The full set of entries must be copied exactly.

▶ [Input data]:
-- Opening Marker --

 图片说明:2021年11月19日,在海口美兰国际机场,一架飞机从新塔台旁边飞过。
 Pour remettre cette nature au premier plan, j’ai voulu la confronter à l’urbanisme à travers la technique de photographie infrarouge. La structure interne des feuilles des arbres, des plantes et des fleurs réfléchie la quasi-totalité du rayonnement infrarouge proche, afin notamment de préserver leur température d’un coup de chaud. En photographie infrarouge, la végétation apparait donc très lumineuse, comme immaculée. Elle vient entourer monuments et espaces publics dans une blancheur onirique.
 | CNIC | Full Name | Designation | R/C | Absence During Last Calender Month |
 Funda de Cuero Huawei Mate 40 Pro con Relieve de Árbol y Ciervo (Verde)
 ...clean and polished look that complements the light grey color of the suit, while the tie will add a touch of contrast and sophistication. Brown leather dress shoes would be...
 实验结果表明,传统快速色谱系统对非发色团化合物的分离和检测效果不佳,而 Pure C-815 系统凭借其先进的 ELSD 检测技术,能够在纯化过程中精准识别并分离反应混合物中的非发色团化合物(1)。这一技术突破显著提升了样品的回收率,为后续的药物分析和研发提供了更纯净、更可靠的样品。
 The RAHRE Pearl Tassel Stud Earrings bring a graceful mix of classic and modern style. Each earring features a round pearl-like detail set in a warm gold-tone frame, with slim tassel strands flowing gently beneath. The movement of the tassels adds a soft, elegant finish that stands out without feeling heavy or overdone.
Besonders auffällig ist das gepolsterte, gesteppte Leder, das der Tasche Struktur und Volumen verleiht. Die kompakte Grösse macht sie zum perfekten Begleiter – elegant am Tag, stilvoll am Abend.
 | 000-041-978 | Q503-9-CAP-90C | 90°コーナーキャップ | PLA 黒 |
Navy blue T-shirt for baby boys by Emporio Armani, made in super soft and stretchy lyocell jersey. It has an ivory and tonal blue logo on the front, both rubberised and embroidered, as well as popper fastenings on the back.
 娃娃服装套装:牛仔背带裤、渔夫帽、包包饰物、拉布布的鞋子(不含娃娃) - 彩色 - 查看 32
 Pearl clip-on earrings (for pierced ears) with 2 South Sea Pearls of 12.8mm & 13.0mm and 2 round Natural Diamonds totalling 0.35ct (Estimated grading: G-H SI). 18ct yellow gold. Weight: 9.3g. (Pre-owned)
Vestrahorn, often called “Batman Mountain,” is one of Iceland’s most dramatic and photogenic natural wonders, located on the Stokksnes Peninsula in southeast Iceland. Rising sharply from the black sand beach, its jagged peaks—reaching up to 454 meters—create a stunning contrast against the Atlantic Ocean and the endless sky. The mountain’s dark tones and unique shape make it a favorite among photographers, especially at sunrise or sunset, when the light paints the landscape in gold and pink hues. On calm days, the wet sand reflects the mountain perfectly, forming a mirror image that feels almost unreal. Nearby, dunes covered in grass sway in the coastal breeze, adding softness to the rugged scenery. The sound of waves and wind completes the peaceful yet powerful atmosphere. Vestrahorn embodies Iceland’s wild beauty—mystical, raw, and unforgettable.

-- Closing Marker --

▶ [Solution to this problem]:
 图片说明:2021年11月19日,在海口美兰国际机场,一架飞机从新塔台旁边飞过。
 Pour remettre cette nature au premier plan, j’ai voulu la confronter à l’urbanisme à travers la technique de photographie infrarouge. La structure interne des feuilles des arbres, des plantes et des fleurs réfléchie la quasi-totalité du rayonnement infrarouge proche, afin notamment de préserver leur température d’un coup de chaud. En photographie infrarouge, la végétation apparait donc très lumineuse, comme immaculée. Elle vient entourer monuments et espaces publics dans une blancheur onirique.
 | CNIC | Full Name | Designation | R/C | Absence During Last Calender Month |
 Funda de Cuero Huawei Mate 40 Pro con Relieve de Árbol y Ciervo (Verde)
 ...clean and polished look that complements the light grey color of the suit, while the tie will add a touch of contrast and sophistication. Brown leather dress shoes would be...
 实验结果表明,传统快速色谱系统对非发色团化合物的分离和检测效果不佳,而 Pure C-815 系统凭借其先进的 ELSD 检测技术,能够在纯化过程中精准识别并分离反应混合物中的非发色团化合物(1)。这一技术突破显著提升了样品的回收率,为后续的药物分析和研发提供了更纯净、更可靠的样品。
 The RAHRE Pearl Tassel Stud Earrings bring a graceful mix of classic and modern style. Each earring features a round pearl-like detail set in a warm gold-tone frame, with slim tassel strands flowing gently beneath. The movement of the tassels adds a soft, elegant finish that stands out without feeling heavy or overdone.
Besonders auffällig ist das gepolsterte, gesteppte Leder, das der Tasche Struktur und Volumen verleiht. Die kompakte Grösse macht sie zum perfekten Begleiter – elegant am Tag, stilvoll am Abend.
 | 000-041-978 | Q503-9-CAP-90C | 90°コーナーキャップ | PLA 黒 |
Navy blue T-shirt for baby boys by Emporio Armani, made in super soft and stretchy lyocell jersey. It has an ivory and tonal blue logo on the front, both rubberised and embroidered, as well as popper fastenings on the back.
 娃娃服装套装:牛仔背带裤、渔夫帽、包包饰物、拉布布的鞋子(不含娃娃) - 彩色 - 查看 32
 Pearl clip-on earrings (for pierced ears) with 2 South Sea Pearls of 12.8mm & 13.0mm and 2 round Natural Diamonds totalling 0.35ct (Estimated grading: G-H SI). 18ct yellow gold. Weight: 9.3g. (Pre-owned)
Vestrahorn, often called “Batman Mountain,” is one of Iceland’s most dramatic and photogenic natural wonders, located on the Stokksnes Peninsula in southeast Iceland. Rising sharply from the black sand beach, its jagged peaks—reaching up to 454 meters—create a stunning contrast against the Atlantic Ocean and the endless sky. The mountain’s dark tones and unique shape make it a favorite among photographers, especially at sunrise or sunset, when the light paints the landscape in gold and pink hues. On calm days, the wet sand reflects the mountain perfectly, forming a mirror image that feels almost unreal. Nearby, dunes covered in grass sway in the coastal breeze, adding softness to the rugged scenery. The sound of waves and wind completes the peaceful yet powerful atmosphere. Vestrahorn embodies Iceland’s wild beauty—mystical, raw, and unforgettable.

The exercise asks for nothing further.